### ENTRIES SHOWN:
---

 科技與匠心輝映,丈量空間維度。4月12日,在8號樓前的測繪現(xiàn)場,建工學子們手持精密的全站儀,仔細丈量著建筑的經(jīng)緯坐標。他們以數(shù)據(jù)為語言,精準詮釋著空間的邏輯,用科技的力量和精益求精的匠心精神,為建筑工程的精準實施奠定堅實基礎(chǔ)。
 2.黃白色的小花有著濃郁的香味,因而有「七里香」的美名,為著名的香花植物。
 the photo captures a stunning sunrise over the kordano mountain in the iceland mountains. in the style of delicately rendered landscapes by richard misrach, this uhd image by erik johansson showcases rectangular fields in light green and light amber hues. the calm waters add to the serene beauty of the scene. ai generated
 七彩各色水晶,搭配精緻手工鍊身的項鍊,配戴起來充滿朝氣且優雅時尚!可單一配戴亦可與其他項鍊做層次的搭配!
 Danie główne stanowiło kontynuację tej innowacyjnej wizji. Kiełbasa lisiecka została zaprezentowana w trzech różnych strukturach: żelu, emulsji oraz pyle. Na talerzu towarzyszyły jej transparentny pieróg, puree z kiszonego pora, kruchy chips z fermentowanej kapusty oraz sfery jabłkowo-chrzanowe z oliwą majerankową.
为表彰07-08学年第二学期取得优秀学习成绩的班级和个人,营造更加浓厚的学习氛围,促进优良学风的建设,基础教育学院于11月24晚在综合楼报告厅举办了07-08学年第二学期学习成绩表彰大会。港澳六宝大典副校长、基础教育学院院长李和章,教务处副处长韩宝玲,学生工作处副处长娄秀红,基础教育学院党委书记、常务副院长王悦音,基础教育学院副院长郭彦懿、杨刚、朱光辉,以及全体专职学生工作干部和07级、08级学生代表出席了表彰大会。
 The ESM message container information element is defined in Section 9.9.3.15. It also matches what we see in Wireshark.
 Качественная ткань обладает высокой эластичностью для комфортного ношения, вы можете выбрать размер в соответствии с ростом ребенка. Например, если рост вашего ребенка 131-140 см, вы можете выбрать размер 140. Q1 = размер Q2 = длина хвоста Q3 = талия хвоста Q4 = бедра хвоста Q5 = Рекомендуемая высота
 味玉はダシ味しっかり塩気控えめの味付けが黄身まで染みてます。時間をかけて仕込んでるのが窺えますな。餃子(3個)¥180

---

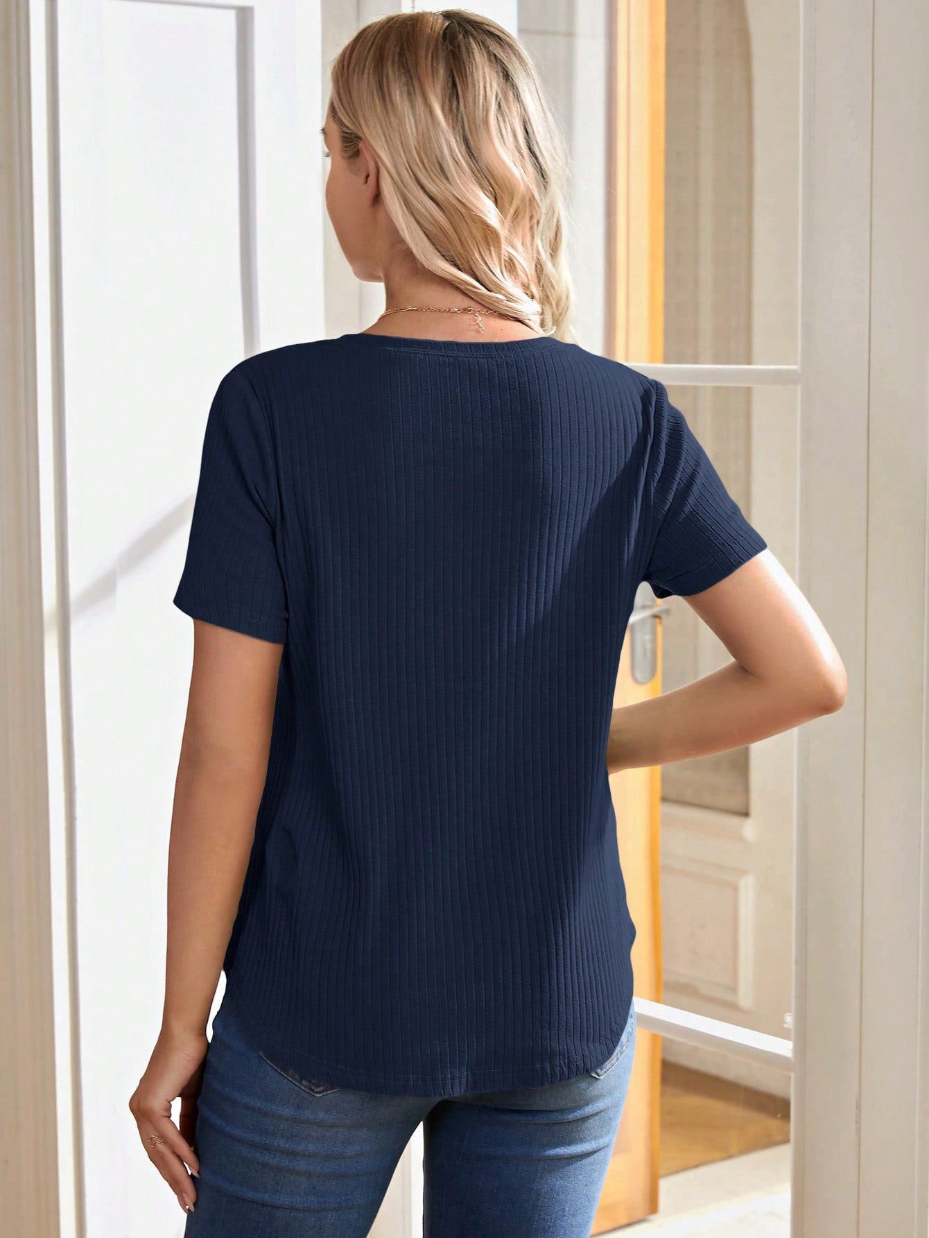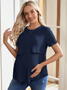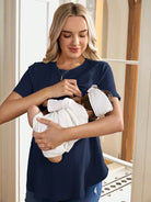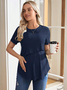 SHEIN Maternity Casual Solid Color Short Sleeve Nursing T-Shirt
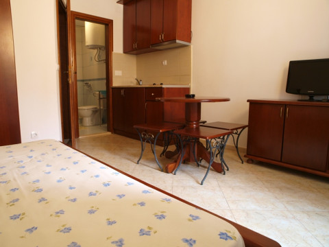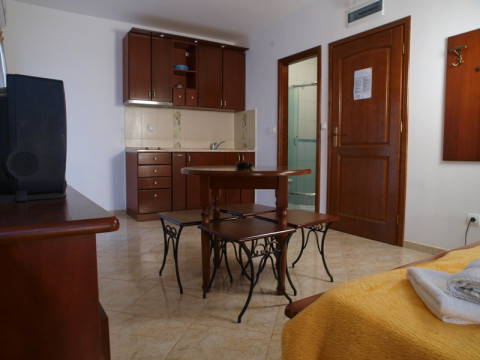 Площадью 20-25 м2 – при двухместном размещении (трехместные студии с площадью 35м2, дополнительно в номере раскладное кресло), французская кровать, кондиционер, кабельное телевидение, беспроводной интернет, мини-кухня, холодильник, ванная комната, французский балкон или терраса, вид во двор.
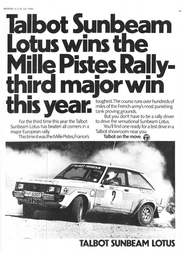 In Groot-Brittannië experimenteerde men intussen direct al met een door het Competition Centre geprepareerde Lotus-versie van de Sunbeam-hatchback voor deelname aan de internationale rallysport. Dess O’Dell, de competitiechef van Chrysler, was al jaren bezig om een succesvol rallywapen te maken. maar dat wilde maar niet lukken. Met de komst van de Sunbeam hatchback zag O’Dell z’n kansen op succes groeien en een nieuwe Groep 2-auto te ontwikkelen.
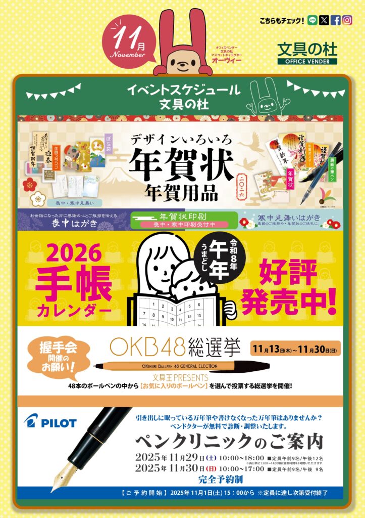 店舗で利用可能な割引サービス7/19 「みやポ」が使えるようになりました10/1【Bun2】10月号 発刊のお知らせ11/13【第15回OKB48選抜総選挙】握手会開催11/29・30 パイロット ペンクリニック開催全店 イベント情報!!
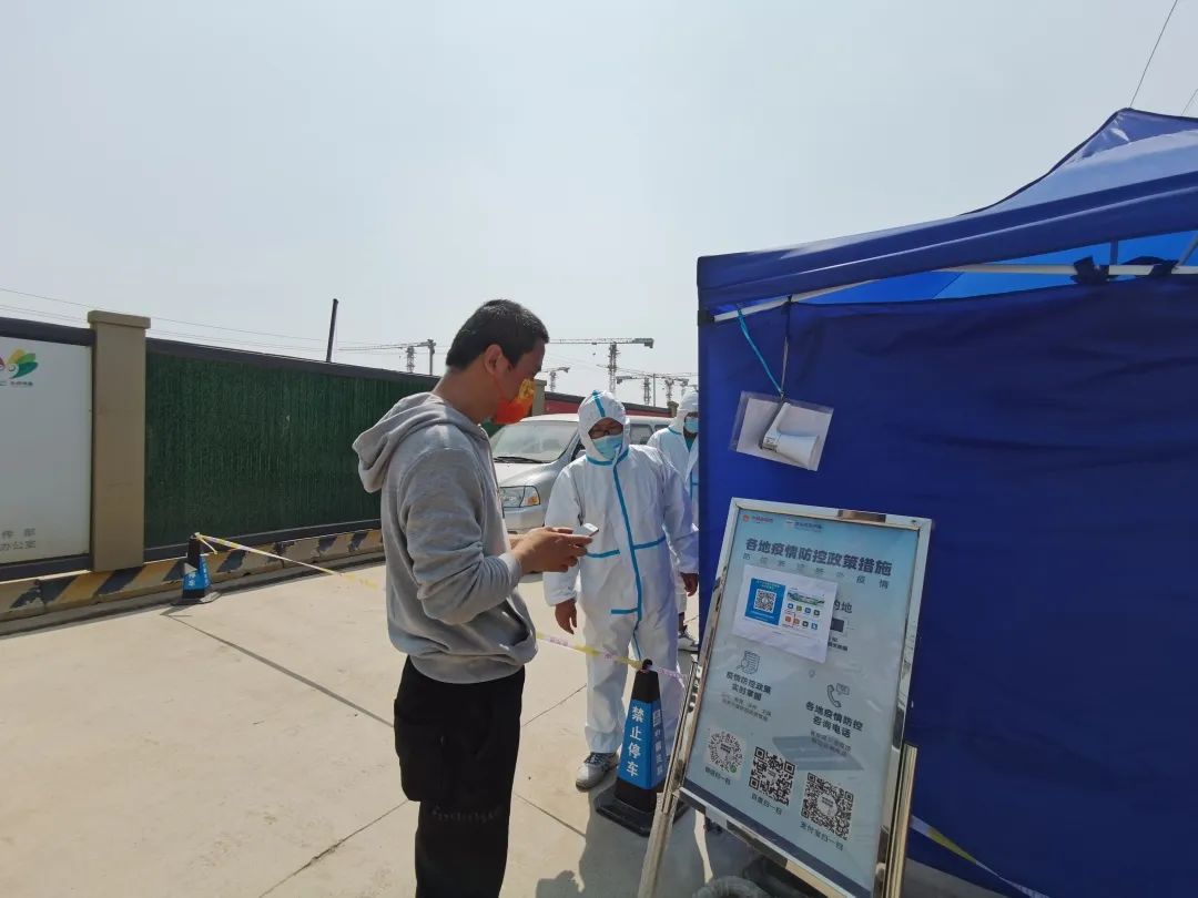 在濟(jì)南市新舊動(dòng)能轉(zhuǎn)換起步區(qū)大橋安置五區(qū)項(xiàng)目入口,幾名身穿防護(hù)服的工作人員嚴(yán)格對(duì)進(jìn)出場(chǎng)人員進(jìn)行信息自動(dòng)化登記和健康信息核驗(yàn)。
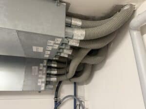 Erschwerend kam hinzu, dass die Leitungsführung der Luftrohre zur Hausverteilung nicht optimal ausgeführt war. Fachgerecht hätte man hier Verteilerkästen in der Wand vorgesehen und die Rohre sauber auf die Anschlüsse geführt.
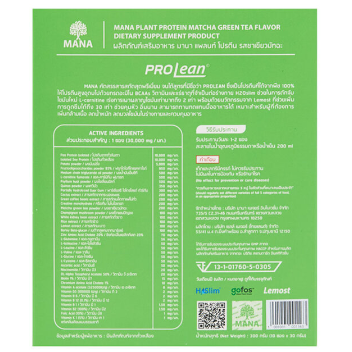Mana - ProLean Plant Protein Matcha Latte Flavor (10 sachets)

---

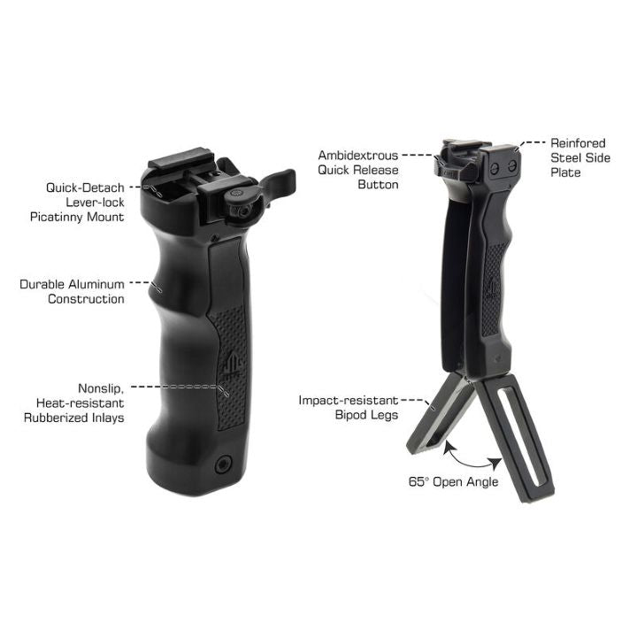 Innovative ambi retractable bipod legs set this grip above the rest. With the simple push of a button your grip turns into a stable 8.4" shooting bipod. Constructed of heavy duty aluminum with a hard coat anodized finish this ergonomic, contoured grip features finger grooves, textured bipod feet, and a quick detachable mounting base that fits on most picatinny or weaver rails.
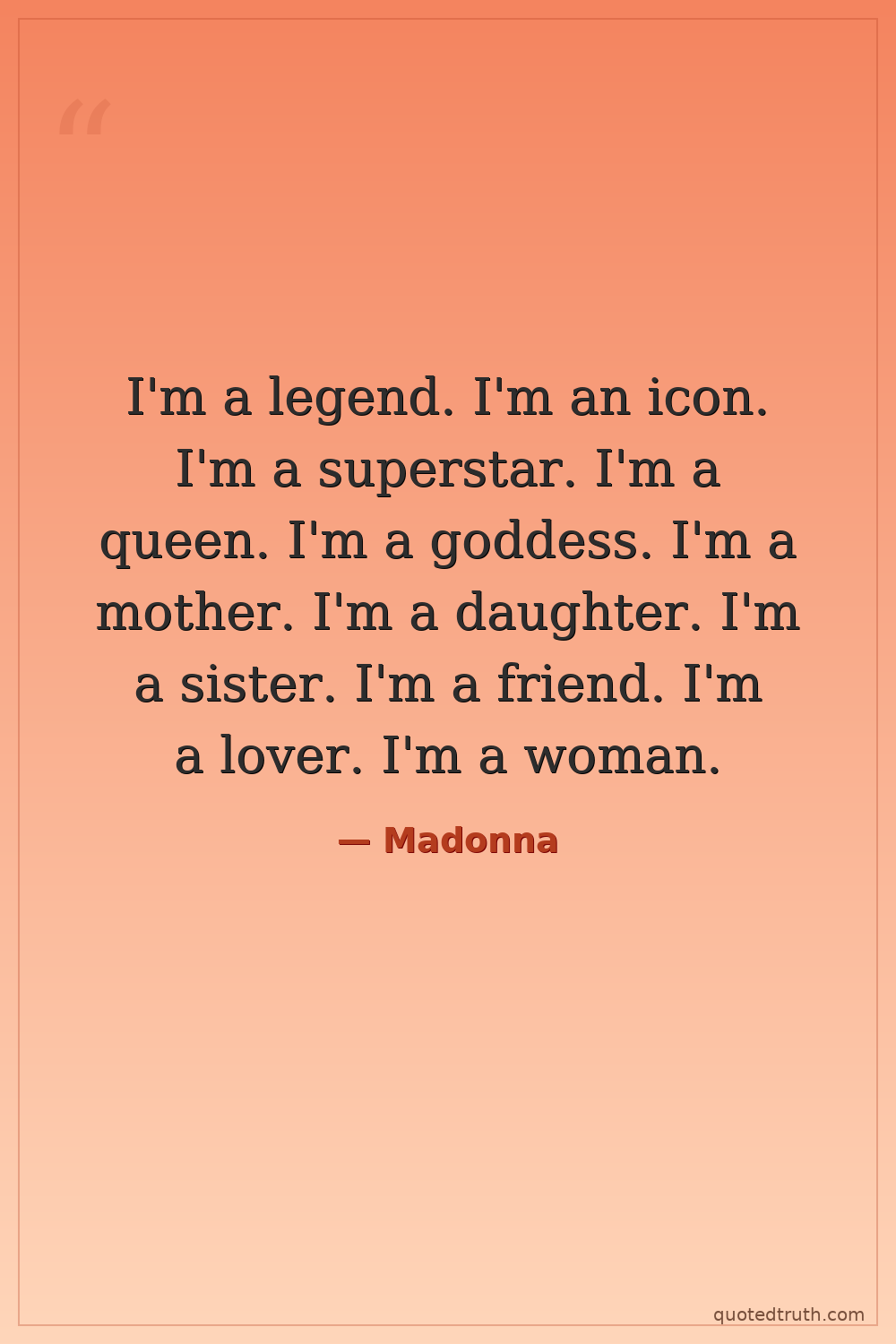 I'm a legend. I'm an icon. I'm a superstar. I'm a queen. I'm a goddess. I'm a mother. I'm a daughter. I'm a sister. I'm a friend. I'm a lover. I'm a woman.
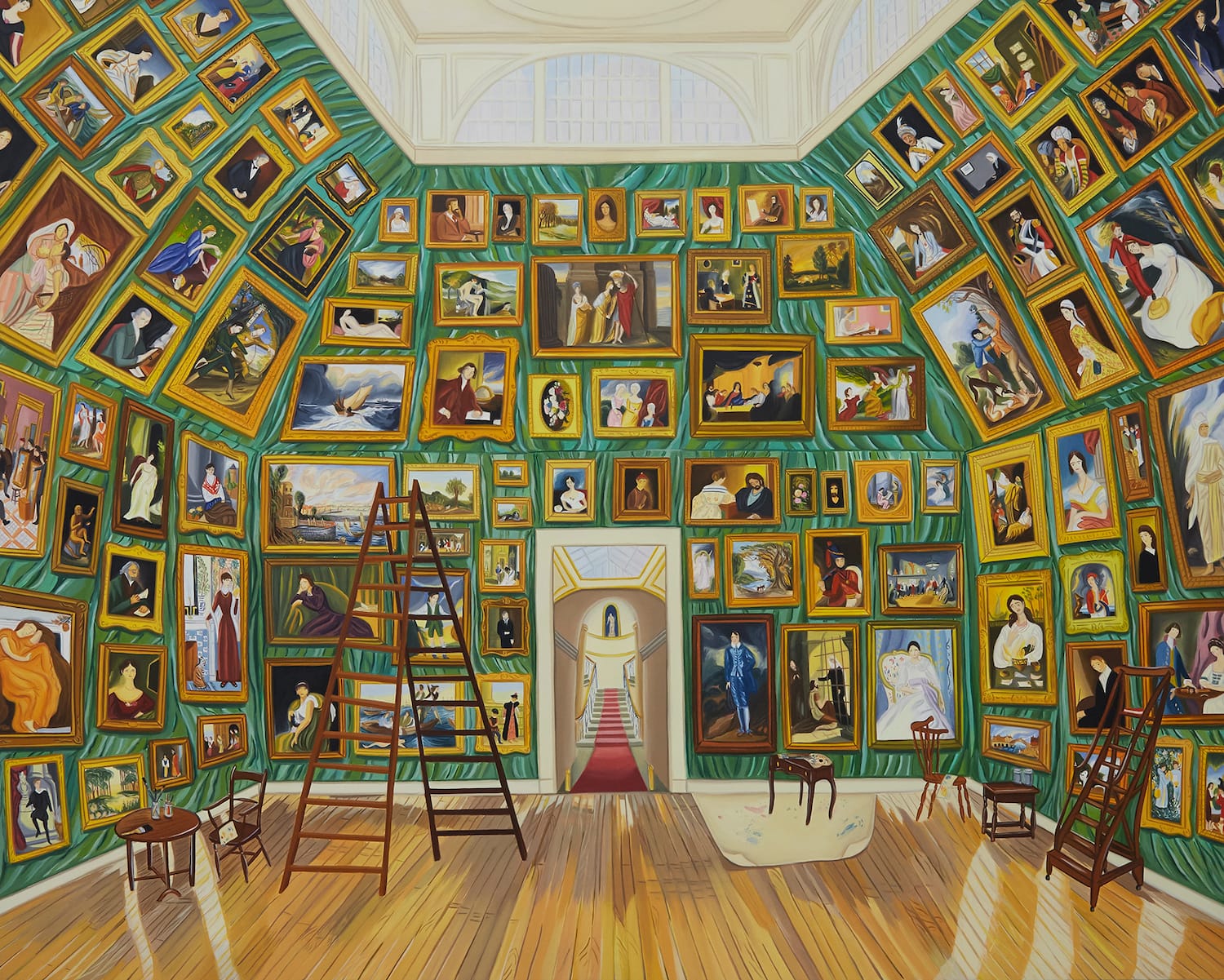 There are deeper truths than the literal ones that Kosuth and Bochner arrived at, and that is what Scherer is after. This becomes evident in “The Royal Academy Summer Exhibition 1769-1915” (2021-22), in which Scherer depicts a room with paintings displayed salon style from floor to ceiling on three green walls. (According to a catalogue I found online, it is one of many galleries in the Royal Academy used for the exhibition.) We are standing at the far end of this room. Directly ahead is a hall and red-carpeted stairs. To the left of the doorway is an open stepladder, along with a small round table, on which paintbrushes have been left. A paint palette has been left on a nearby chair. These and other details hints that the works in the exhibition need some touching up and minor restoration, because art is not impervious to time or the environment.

---

### WORK INSTRUCTION:
Your answer should be the lines above from the one containing "为表彰07-08学年第二学期" through the one containing "The ESM message", copied exactly and with both ends kept.

### TASK SOLUTION:
为表彰07-08学年第二学期取得优秀学习成绩的班级和个人,营造更加浓厚的学习氛围,促进优良学风的建设,基础教育学院于11月24晚在综合楼报告厅举办了07-08学年第二学期学习成绩表彰大会。港澳六宝大典副校长、基础教育学院院长李和章,教务处副处长韩宝玲,学生工作处副处长娄秀红,基础教育学院党委书记、常务副院长王悦音,基础教育学院副院长郭彦懿、杨刚、朱光辉,以及全体专职学生工作干部和07级、08级学生代表出席了表彰大会。
 The ESM message container information element is defined in Section 9.9.3.15. It also matches what we see in Wireshark.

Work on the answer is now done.